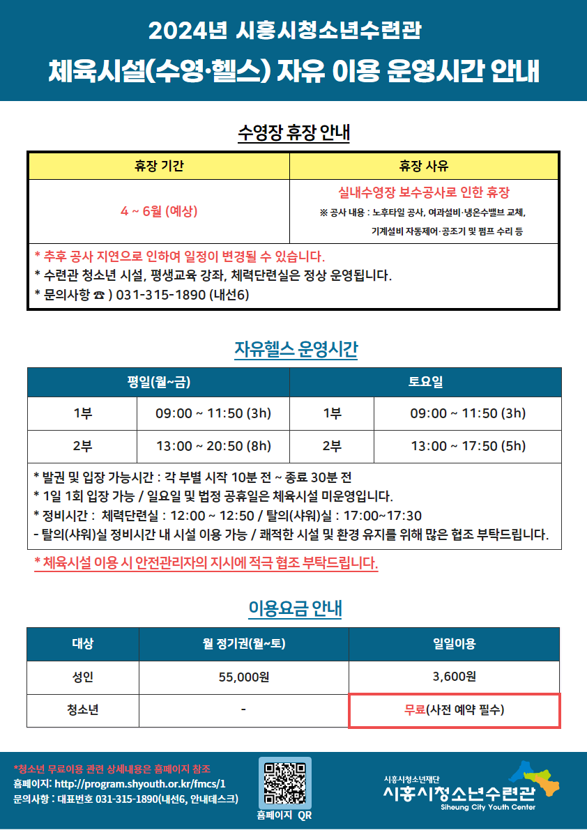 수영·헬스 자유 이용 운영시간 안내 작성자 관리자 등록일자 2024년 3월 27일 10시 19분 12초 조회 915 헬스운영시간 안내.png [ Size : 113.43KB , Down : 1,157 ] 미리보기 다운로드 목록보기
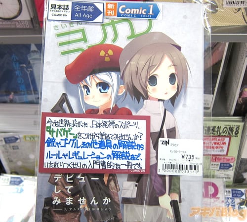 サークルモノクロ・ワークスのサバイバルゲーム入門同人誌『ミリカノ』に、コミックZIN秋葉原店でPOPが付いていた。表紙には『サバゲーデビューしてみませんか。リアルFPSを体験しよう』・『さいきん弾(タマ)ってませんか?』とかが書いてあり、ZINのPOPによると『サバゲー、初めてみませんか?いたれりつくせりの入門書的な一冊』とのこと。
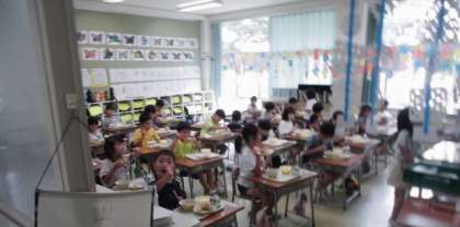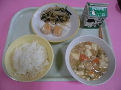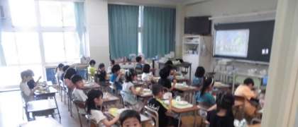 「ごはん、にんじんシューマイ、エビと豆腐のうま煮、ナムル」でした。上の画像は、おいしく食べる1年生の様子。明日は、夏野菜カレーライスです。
-.-.-
> **Try it**
Reproduce verbatim every line starting at the line that holds "サークルモノクロ・ワークスの" and ending with the final line of the data; omit the pictures.

> **Response to this task**
 サークルモノクロ・ワークスのサバイバルゲーム入門同人誌『ミリカノ』に、コミックZIN秋葉原店でPOPが付いていた。表紙には『サバゲーデビューしてみませんか。リアルFPSを体験しよう』・『さいきん弾(タマ)ってませんか?』とかが書いてあり、ZINのPOPによると『サバゲー、初めてみませんか?いたれりつくせりの入門書的な一冊』とのこと。
 「ごはん、にんじんシューマイ、エビと豆腐のうま煮、ナムル」でした。上の画像は、おいしく食べる1年生の様子。明日は、夏野菜カレーライスです。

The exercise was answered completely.